#### [Problem details]
Extract, in full, the lines below, beginning at the first and ending with the line that contains "さらに、「旧金子家住宅」の前には、昔のおもちゃで遊べる場所がありました。". Pictures do not belong in the copy.

*** Opening Material to process ***

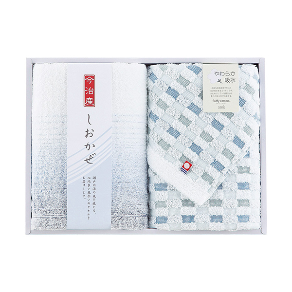 その名の通り、瀬戸内を吹き抜けるしおかぜのような、涼やかなデザインの今治フェイスタオル2枚のギフトです。ふんわりソフトな質感で優れた吸水性が特徴。爽やかなデザインが男性、女性問わず人気の今治タオルシリーズです。
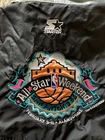 Get ready for the 1996 NBA All Star game with this windbreaker jacket from Starter. The jacket features the logo of the San Antonio Spurs, the team that played in the All-Star Game that year. It is made of high-quality materials to keep you warm and comfortable during the game. The jacket is available in size L and is perfect for any basketball fan who wants to show off their love for the sport.
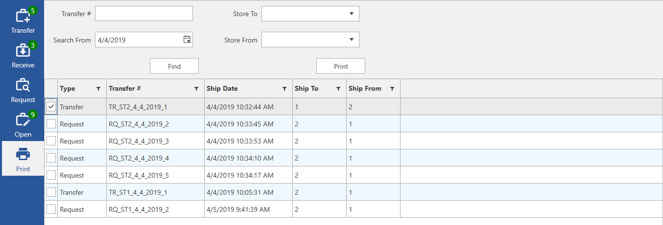 This tab is used to print transfers. Each printed transfer will show shipping information as well as a list of all included items.
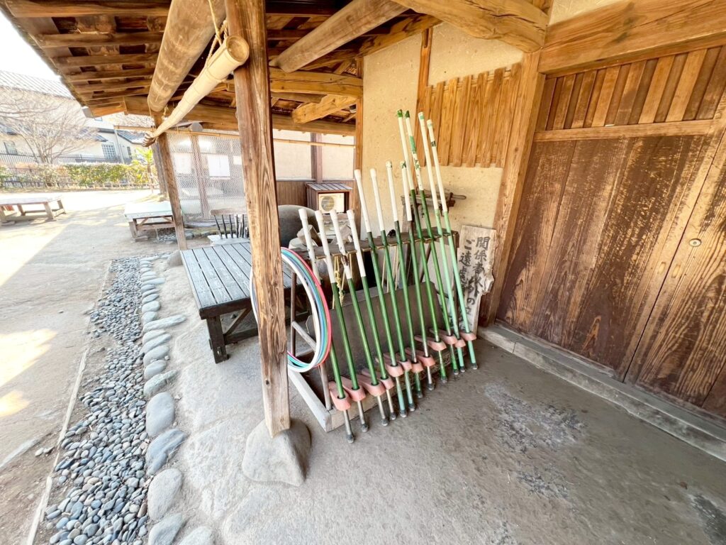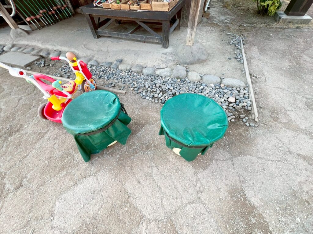さらに、「旧金子家住宅」の前には、昔のおもちゃで遊べる場所がありました。
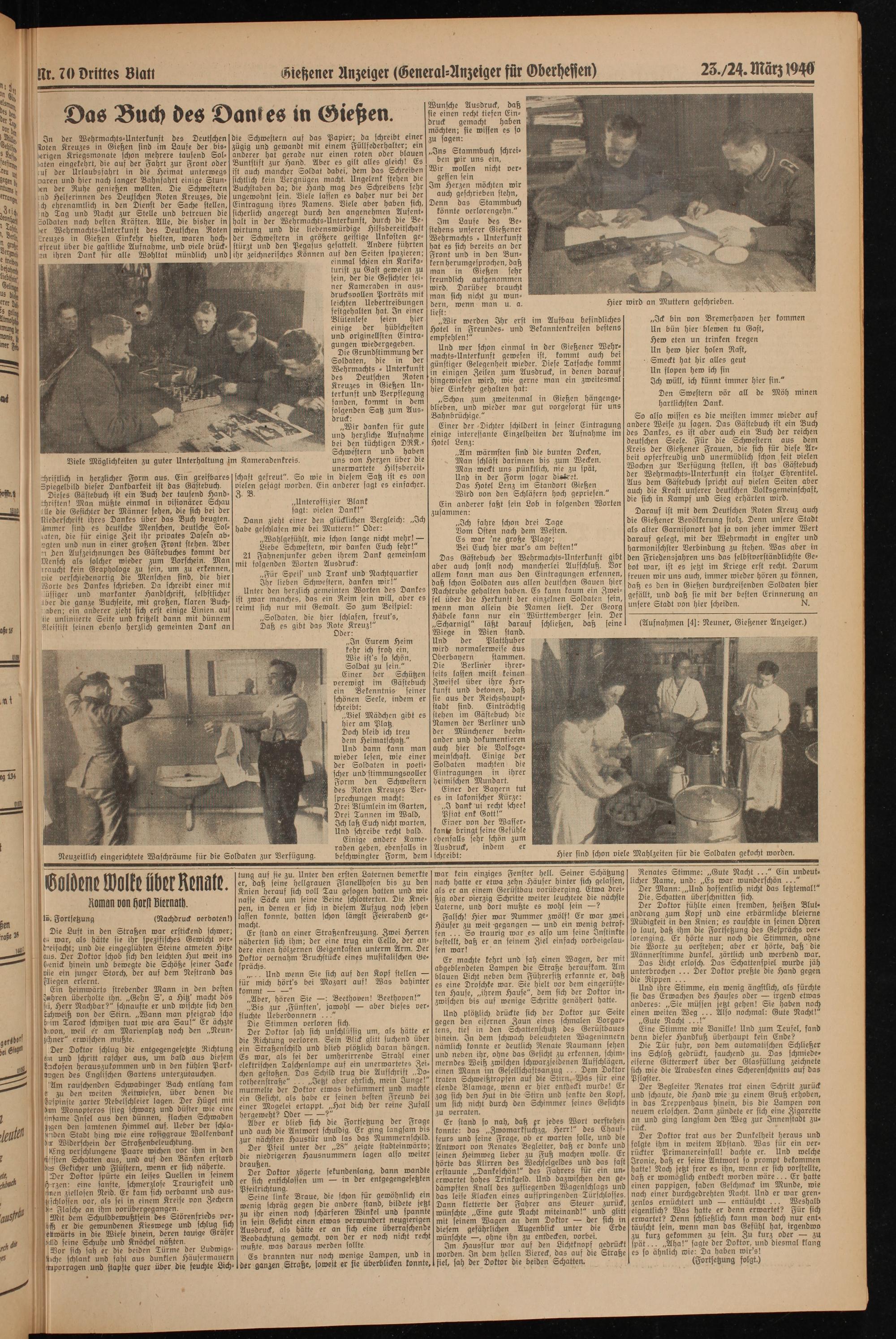 deutschen Seele. Für die Schwestern aus dem Kreis der Gießener Frauen, die sich für diese Arbeit opferfreudig und unermüdlich schon seit vielen Wochen zur Verfügung stellen, ist das Gästebuch der Wehrmachts-Unterkunft ein stolzer Ehrentitel. Aus dem Gästebuch spricht auf vielen Seiten aber auch die Kraft unserer deutschen Volksgemeinschaft, die sich in Kampf und Sieg erhärten wird.

*** Closing Material to process ***

#### [Final answer]
 その名の通り、瀬戸内を吹き抜けるしおかぜのような、涼やかなデザインの今治フェイスタオル2枚のギフトです。ふんわりソフトな質感で優れた吸水性が特徴。爽やかなデザインが男性、女性問わず人気の今治タオルシリーズです。
 Get ready for the 1996 NBA All Star game with this windbreaker jacket from Starter. The jacket features the logo of the San Antonio Spurs, the team that played in the All-Star Game that year. It is made of high-quality materials to keep you warm and comfortable during the game. The jacket is available in size L and is perfect for any basketball fan who wants to show off their love for the sport.
 This tab is used to print transfers. Each printed transfer will show shipping information as well as a list of all included items.
さらに、「旧金子家住宅」の前には、昔のおもちゃで遊べる場所がありました。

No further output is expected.